How many projects left for the semester?

2-3 more.

Mikhael asks:

Do you have any links to videos from youtube for example to explain kde again?

I don’t have any links, but if you search the web you should be able to find some.

David asks:

What’s the difference between Himmelblau’s function and Rosenbrock’s function?

These are different functions, often used to test optimization methods.

Ninghui asks:

Linear regression is a very important algorithm in machine learning. How do we make sure what type of data is better to deal with by linear regression? For example, when we used KNN to deal with moon data, the result isn’t good.

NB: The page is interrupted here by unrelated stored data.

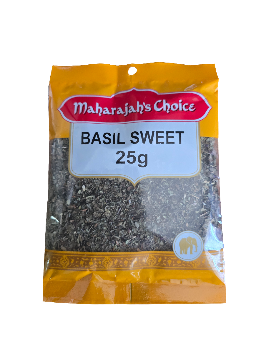 Maharajah's Choice Basil Sweet 25g available at Tales of India. Premium quality sweet basil herb perfect for enhancing the aroma and flavor of your dishes.
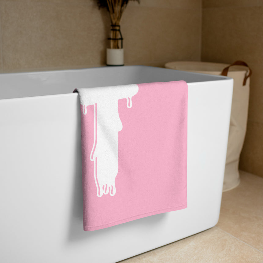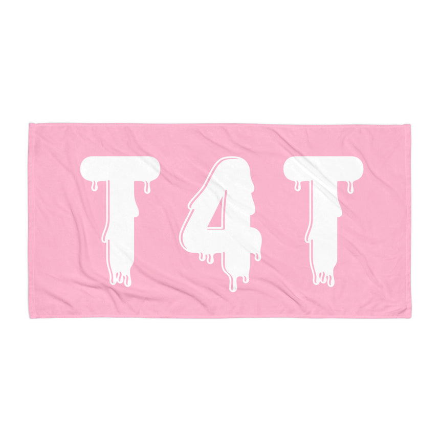 Hit the beach, pool, picnic, or hang it in your bathroom in ultimate trans pride with this bold pink beach towel featuring dripping T4T letters. Eye-catching and unapologetic, it's perfect for soaking up the sun while repping love, community and connection.
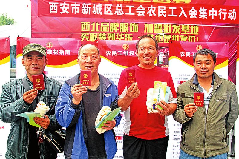 近日,西安市新城区总工会在长乐西路华东万悦城开展了农民工入会集中行动。据了解,行动主要以市场中打工的农民工、在建项目农民工、保洁员农民工为主。活动现场为农民工办理入会,发放会员证和农民工维权手册指南、就业培训卡,免费为农民工及其子女、家属提供技能培训,指导困难保洁员农民工办理加入区工会帮扶网,做到一站式服务。
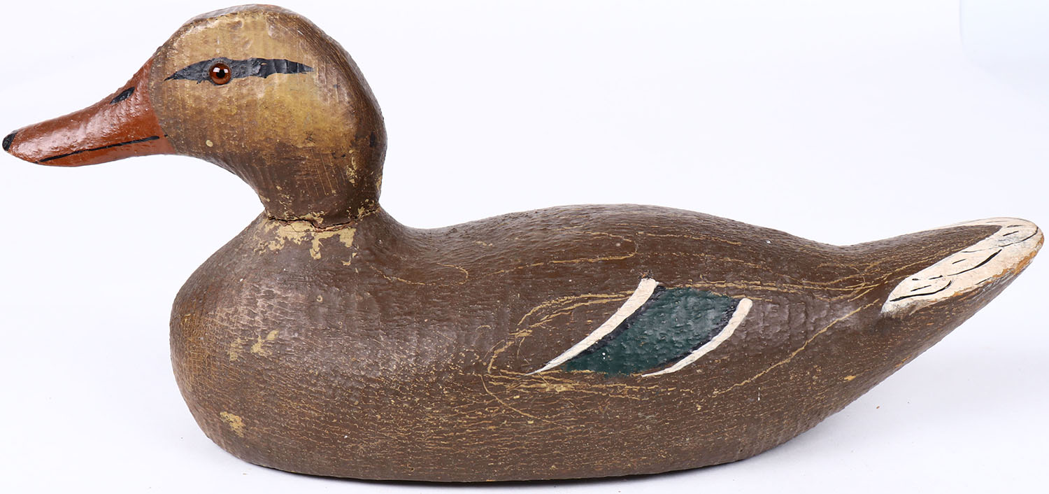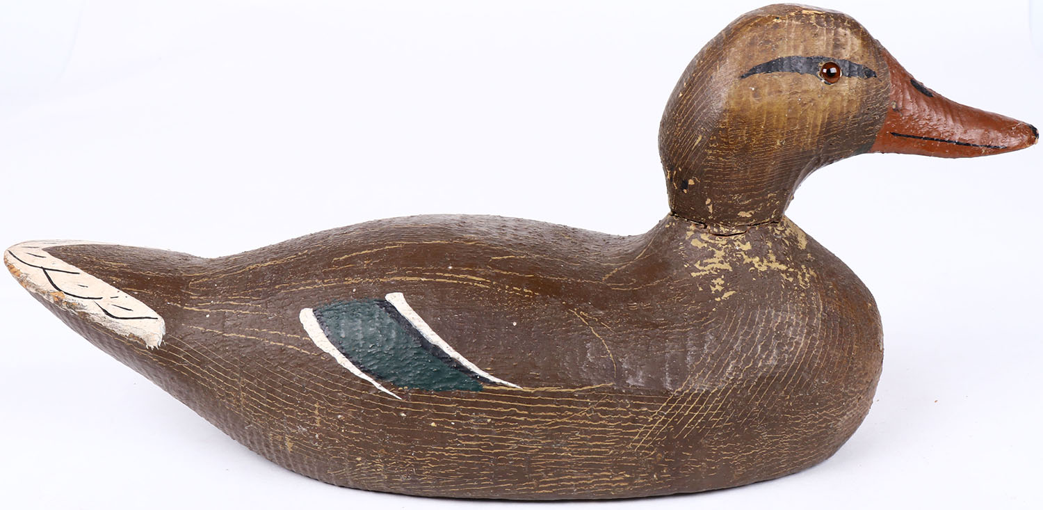 Mallard Hen by unknown factory, solid wood, glass eyes, original paint, structurally excellent. Grade: Excellent + - Value: 30 to 60
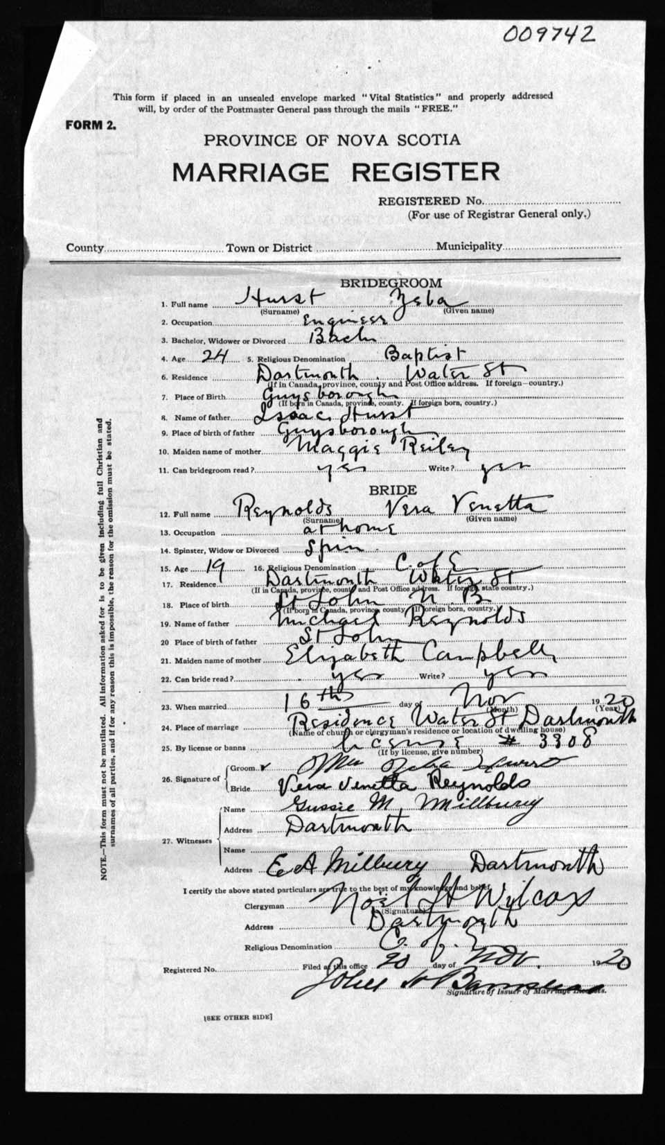 Registration: Year: 1920 number: 9742
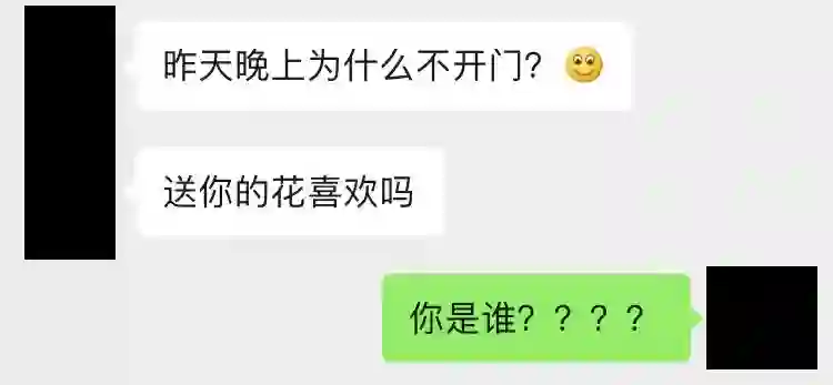 直到天亮小菲才敢出门,开门发现门上的猫眼被人用纸贴着了,门上还用胶带粘着一支玫瑰花,到中午的时候有人在微信给她发了条信息:“问她昨天晚上为什么不开门,喜欢这花吗?”
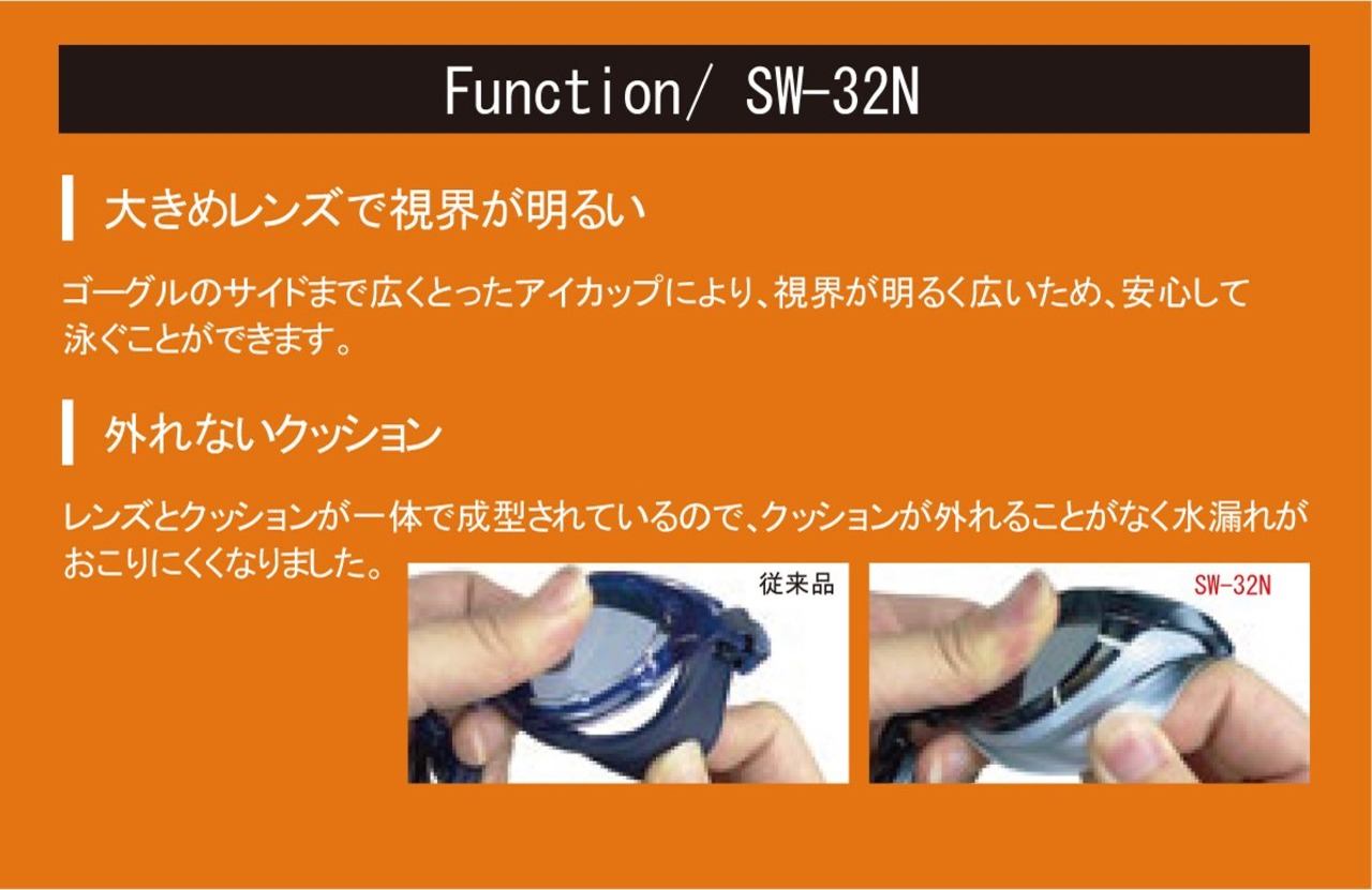 [スワンズ] スイミングゴーグル フィットネス 大人用 クッション付き くもりどめ SW-32N /SW-45N
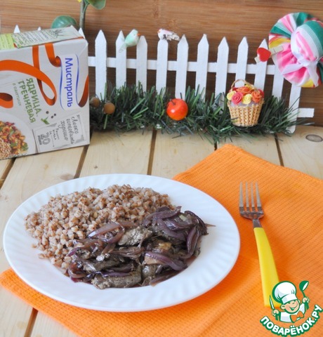 Подаём гречку с печенью горячими, посыпав зеленью.
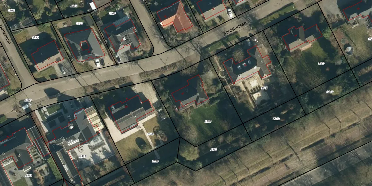 Het perceel waarop Ministerlaan 30 staat heeft een oppervlakte van 1319 m². Dit is een zeer groot perceel. De perceeloppervlakte wordt geregistreerd door het Kadaster. Gedetailleerde informatie over de maten van dit perceel kunt u vinden in het rapport Kadastrale kaart met maatvoering van Ministerlaan 30.
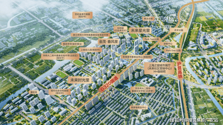 凭借紧邻上海的先天优势,依托“2高3轨2路”立体交通网络(G60沪昆高速、申嘉湖高速;上海示范区线、嘉兴至枫南市域铁路、南枫线;320国道、朱枫公路),实现与上海同城生活圈,美好践行“上海乐业,金茂安居”的都会理想。
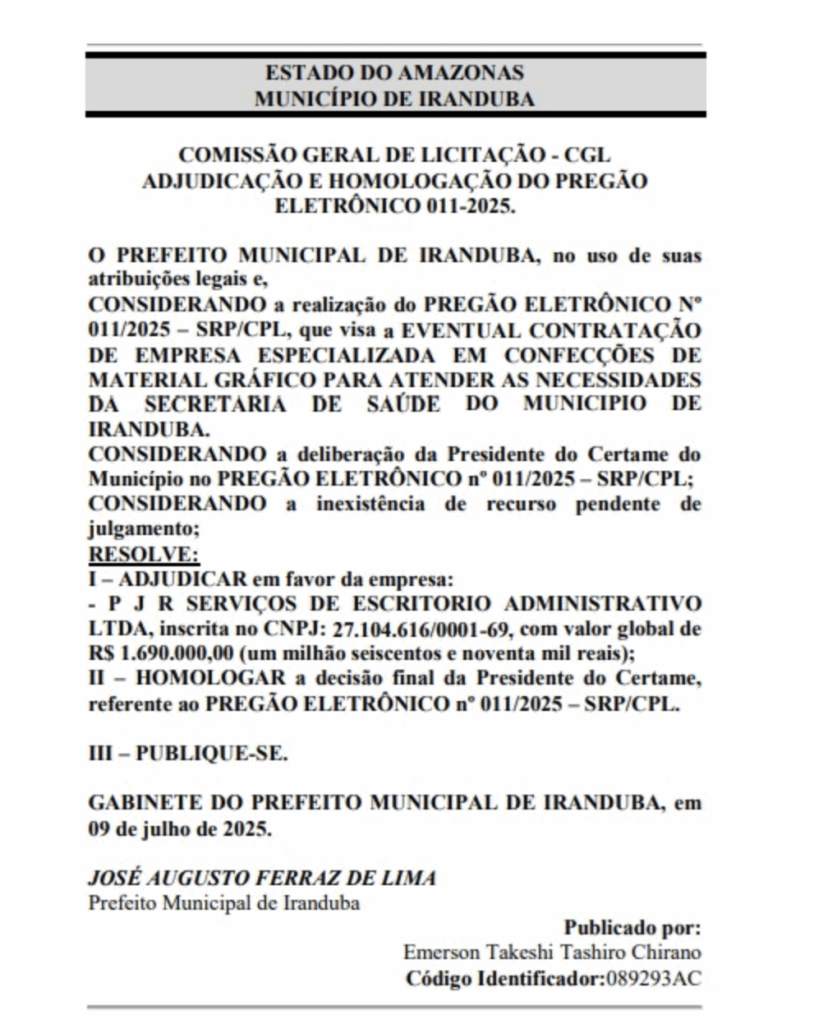 O acordo, firmado por meio do pregão nº 011/2025-SRL/CPL, solicita a contratação de uma “empresa especializada em confecção de material gráfico” para atender demandas da Saúde Municipal.
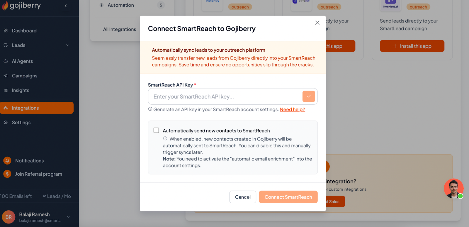 Step 2: Connect Gojiberry.ai to SmartReach

I am not sure what moon data you are refering to, but linear regression has an advantage over regression done using k-NN since its results are easier to interpret. Linear regression is useful if you want to model data using certain types of functions. This includes linear functions but also some other kinds - polynomial, exponential etc.

Luca asks:

I guess we are going to do SQL soon. Are we going to use a specific program? Or we can use our usual Jupyter notebook?

We will use Jupyter.

Metin asks:

1. Given the fact that Python is an open-source programming language and that it is gaining more and more statistical libraries (due to being used so much for data science / analysis), do you think that it will make R obsolete? In particular, is there a project to code all of the R libraries into Python?

2. Are all of the libraries of Python written using C (you made a comment about the fact that we are using C indirectly through numpy)? How does that work (using one programming language to write the foundations of another one)?

1. Python is already more popular than R, but it does not mean that R will be obsolete any time soon. There are many people who are using R and who invested a lot of effort to develop R code suiting their needs, and they will continue using R. I don’t think that anyone aims to replicate all R libraries in Python. People create new libraries because thay see a need for some tools, not because a library exists in a different language.

2. Not all Python libraries are written in C. Many are written in Python, some are using other languages. There are different ways of connecting Python and C code. For example, Python provides tools for writing Python extensions, i.e. libraries written in C that can be imported in Python code like any other Python library. As for using one language to write foundations of another language - the most commonly used Python implementation (the one we are using) is itself written in C.

Adrian asks:

Are there any other ways to represent line regression besides the methods we already saw ?

I am not sure what you mean by representing linear regression. Linear regression is one of the machine learning tools.

Steven asks:

Will we do other regression models in the future?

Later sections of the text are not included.